Publikation: Bidrag til tidsskriftTidsskriftartikelForskningpeer review

Resumé

This work shows that differential scanning calorimetry (DSC) can be used to monitor the stability of substrate-adsorbed cellulases during long-term hydrolysis of insoluble cellulose. Thermal transitions of adsorbed enzyme were measured regularly in subsets of a progressing hydrolysis, and the size of the transition peak was used as a gauge of the population of native enzyme. Analogous measurements were made for enzymes in pure buffer. Investigations of two cellobiohydrolases, Cel6A and Cel7A, from Trichoderma reesei, which is an anamorph of the fungus Hypocrea jerorina, showed that these enzymes were essentially stable at 25 °C. Thus, over a 53 h experiment, Cel6A lost less than 15% of the native population and Cel7A showed no detectable loss for either the free or substrate-adsorbed state. At higher temperatures we found significant losses in the native populations, and at the highest tested temperature (49 °C) about 80% Cel6A and 35% of Cel7A was lost after 53 h of hydrolysis. The data consistently showed that Cel7A was more long-term stable than Cel6A and that substrate-associated enzyme was less long-term stable than enzyme in pure buffer stored under otherwise equal conditions. There was no correlation between the intrinsic stability, specified by the transition temperature in the DSC, and the long-term stability derived from the peak area.
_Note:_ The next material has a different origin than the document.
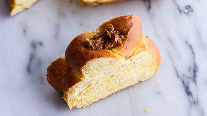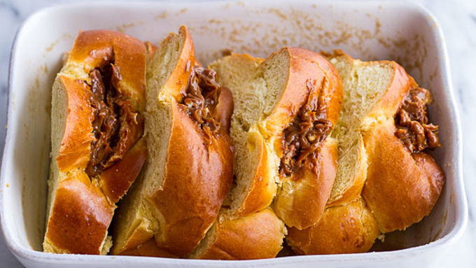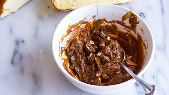 Step3Using a paring knife, carefully make an inch (or so) incision in the tops of each slice of bread to create a pocket. Smear the insides of the pockets with 1 1/2 tablespoons (or more if you wish) of the caramel pecan mixture.
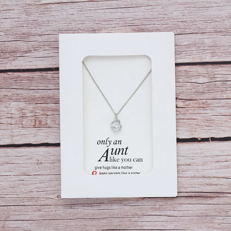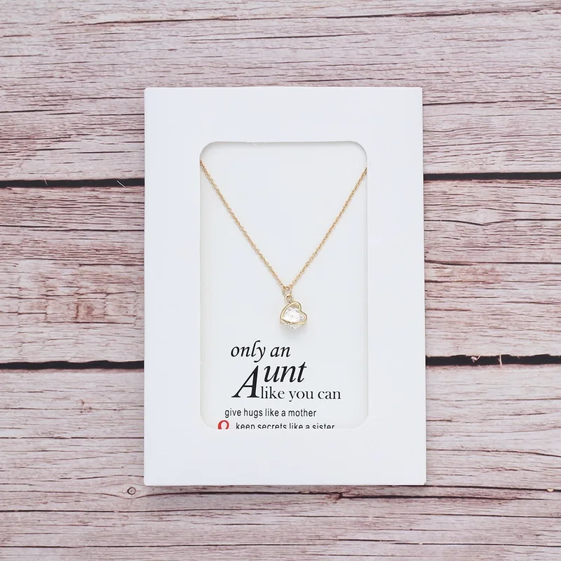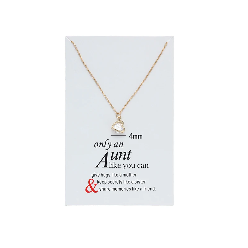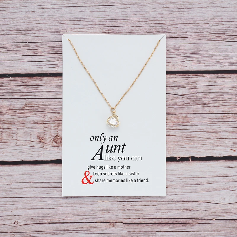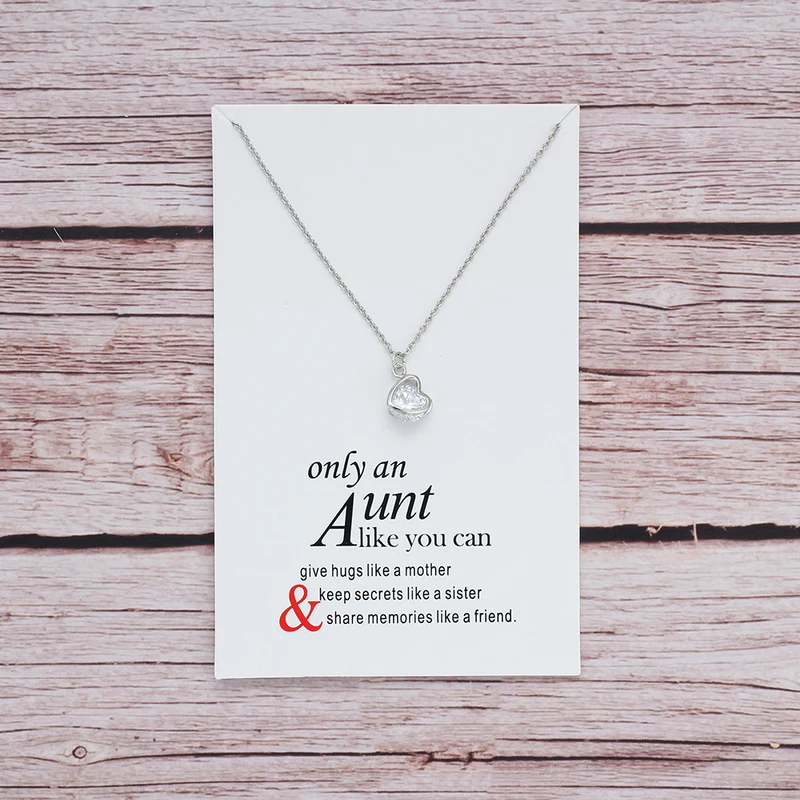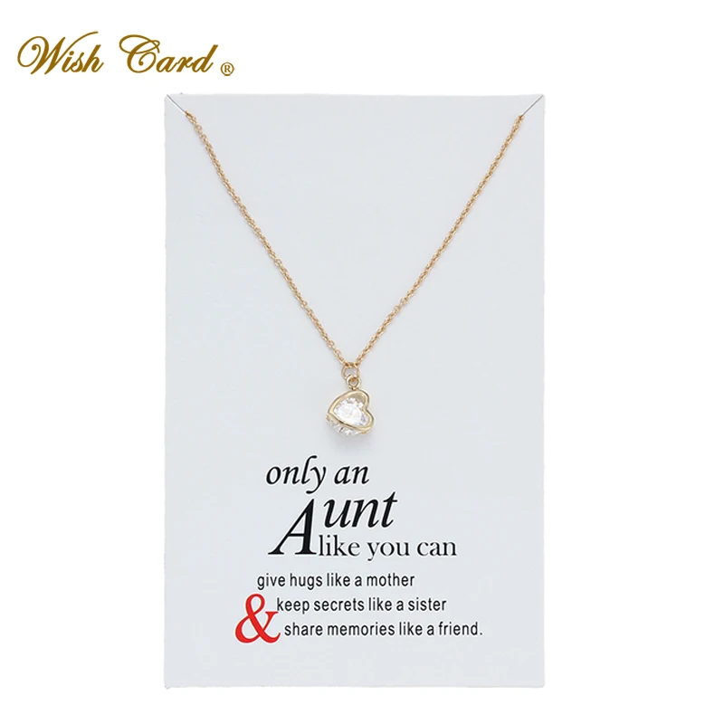 Wish Card From Aunt Love Heart Crystal Necklace for Women Jewelry Friendship Aunt Gifts with Card Adjustable Chian CN70

The results are discussed with respect to the role of enzyme denaturation for the ubiquitous slowdown observed in the enzymatic hydrolysis of cellulose.
OriginalsprogEngelsk
TidsskriftLangmuir
Vol/bind30
Udgave nummer24
Sider (fra-til)7134-7142
ISSN0743-7463
DOI
StatusUdgivet - 23 maj 2014

Citer dette

Borch, K., Cruys-Bagger, N., Badino, S. F., Sørensen, T. H., Windahl, M. S., Westh, P., ... Alasepp, K. (2014). In Situ Stability of Substrate-Associated Cellulases Studied by DSC. Langmuir, 30(24), 7134-7142. https://doi.org/10.1021/la500161e
Borch, Kim ; Cruys-Bagger, Nicolaj ; Badino, Silke Flindt ; Sørensen, Trine Holst ; Windahl, Michael Skovbo ; Westh, Peter ; Jensen, Kenneth ; Alasepp, Kadri. / In Situ Stability of Substrate-Associated Cellulases Studied by DSC. I: Langmuir. 2014 ; Bind 30, Nr. 24. s. 7134-7142.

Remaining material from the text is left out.